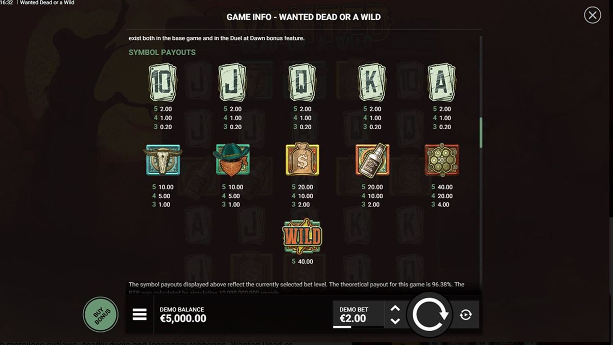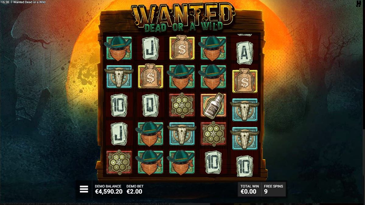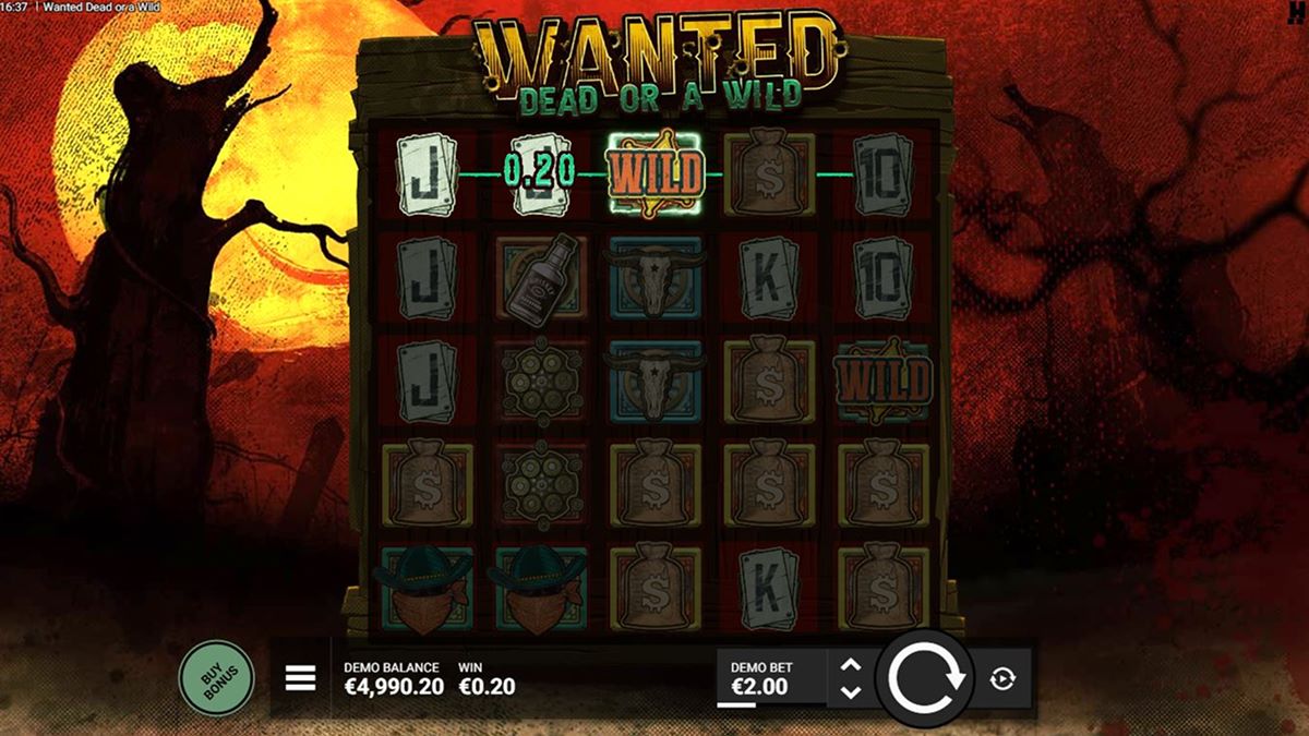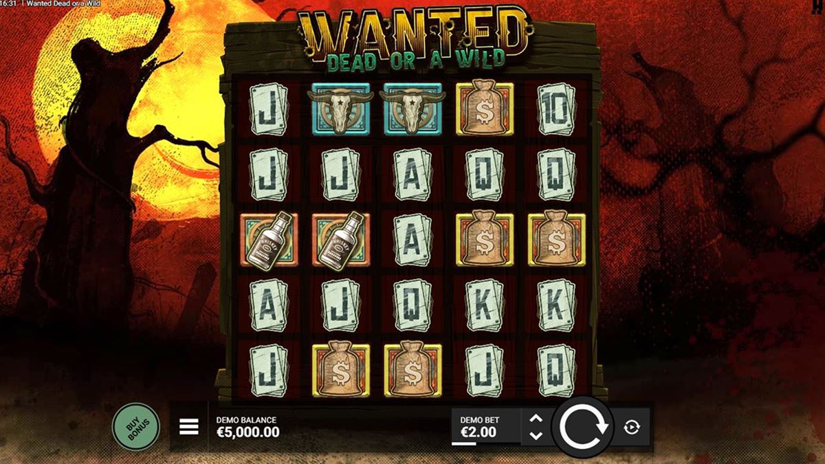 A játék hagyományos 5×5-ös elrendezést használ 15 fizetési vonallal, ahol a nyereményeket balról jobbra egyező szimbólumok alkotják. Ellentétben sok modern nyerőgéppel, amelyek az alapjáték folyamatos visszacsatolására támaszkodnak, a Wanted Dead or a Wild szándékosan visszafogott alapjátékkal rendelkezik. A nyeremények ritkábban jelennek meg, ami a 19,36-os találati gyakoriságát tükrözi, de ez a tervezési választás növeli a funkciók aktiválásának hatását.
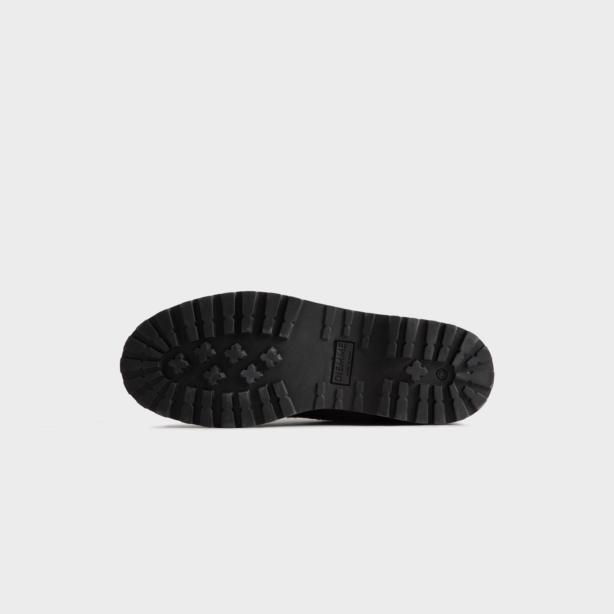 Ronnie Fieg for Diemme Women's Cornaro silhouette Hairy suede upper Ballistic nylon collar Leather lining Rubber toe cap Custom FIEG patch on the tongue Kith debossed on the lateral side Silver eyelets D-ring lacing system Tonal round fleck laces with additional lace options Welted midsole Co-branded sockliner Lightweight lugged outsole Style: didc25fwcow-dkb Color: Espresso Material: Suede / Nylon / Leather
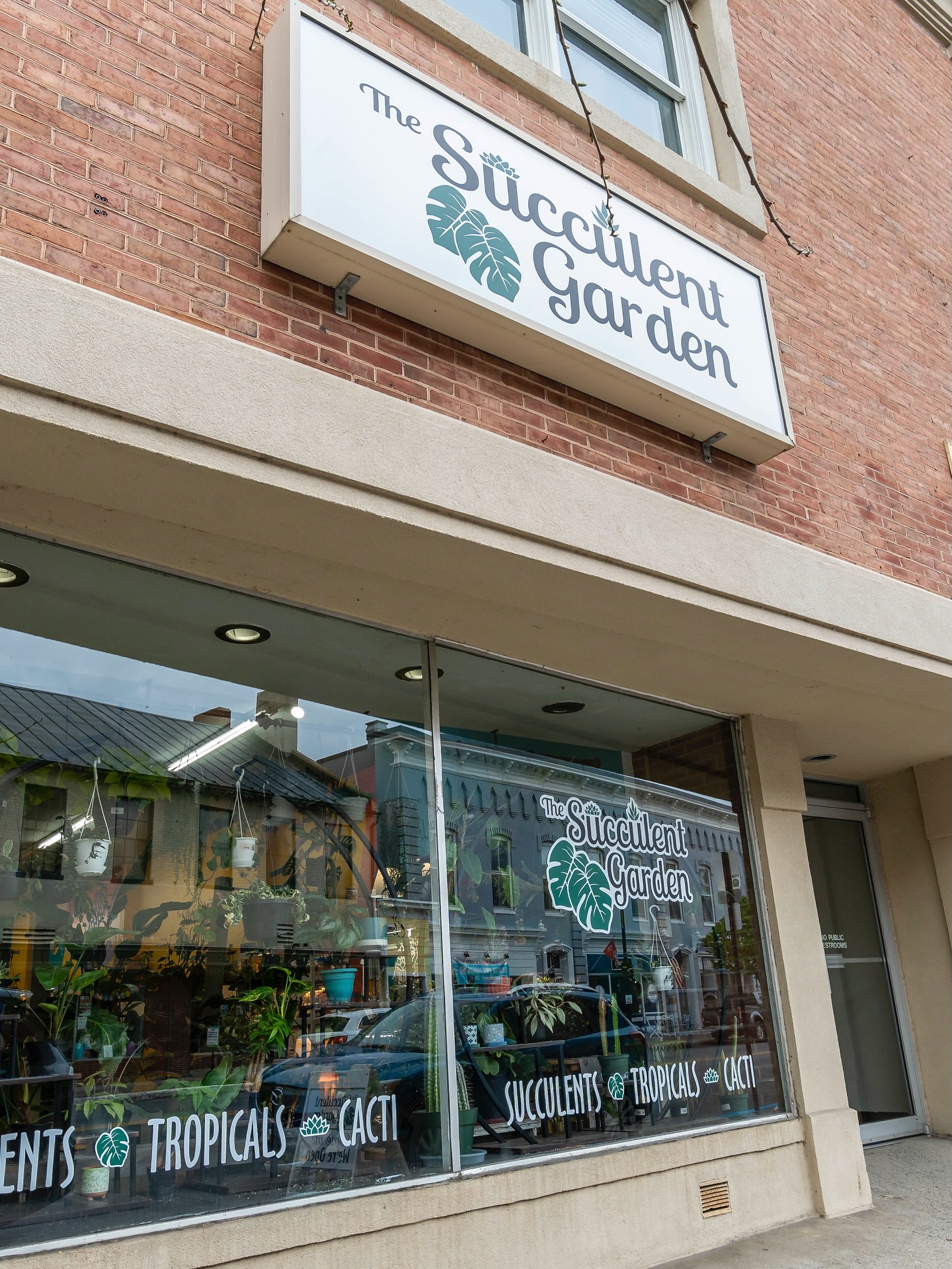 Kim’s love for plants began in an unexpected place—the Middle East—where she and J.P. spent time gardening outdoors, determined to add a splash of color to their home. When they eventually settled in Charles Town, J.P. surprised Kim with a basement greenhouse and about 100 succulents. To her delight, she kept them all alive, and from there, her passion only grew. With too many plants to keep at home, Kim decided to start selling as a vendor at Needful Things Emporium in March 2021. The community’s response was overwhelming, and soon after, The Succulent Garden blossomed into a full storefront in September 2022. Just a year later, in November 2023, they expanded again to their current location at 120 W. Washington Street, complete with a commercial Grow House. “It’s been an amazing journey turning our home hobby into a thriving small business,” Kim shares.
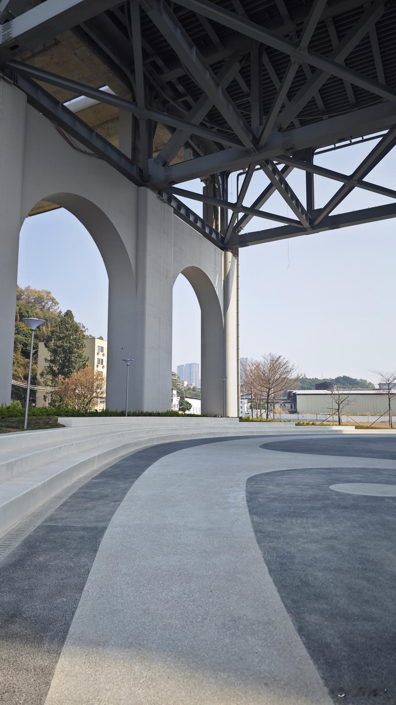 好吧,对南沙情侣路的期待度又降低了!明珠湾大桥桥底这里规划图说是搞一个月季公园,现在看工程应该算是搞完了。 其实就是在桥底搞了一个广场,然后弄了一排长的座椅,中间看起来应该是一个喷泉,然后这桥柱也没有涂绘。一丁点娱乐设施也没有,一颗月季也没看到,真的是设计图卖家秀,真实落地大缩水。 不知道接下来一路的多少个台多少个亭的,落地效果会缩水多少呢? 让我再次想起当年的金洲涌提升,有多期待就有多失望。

◆ REQUIRED ACTION ◆
Print, exactly as written, the lines above from the first one to the one containing "Ronnie Fieg for". Leave out pictures.

◆ SOLUTION FOR THIS PROBLEM ◆
 A játék hagyományos 5×5-ös elrendezést használ 15 fizetési vonallal, ahol a nyereményeket balról jobbra egyező szimbólumok alkotják. Ellentétben sok modern nyerőgéppel, amelyek az alapjáték folyamatos visszacsatolására támaszkodnak, a Wanted Dead or a Wild szándékosan visszafogott alapjátékkal rendelkezik. A nyeremények ritkábban jelennek meg, ami a 19,36-os találati gyakoriságát tükrözi, de ez a tervezési választás növeli a funkciók aktiválásának hatását.
 Ronnie Fieg for Diemme Women's Cornaro silhouette Hairy suede upper Ballistic nylon collar Leather lining Rubber toe cap Custom FIEG patch on the tongue Kith debossed on the lateral side Silver eyelets D-ring lacing system Tonal round fleck laces with additional lace options Welted midsole Co-branded sockliner Lightweight lugged outsole Style: didc25fwcow-dkb Color: Espresso Material: Suede / Nylon / Leather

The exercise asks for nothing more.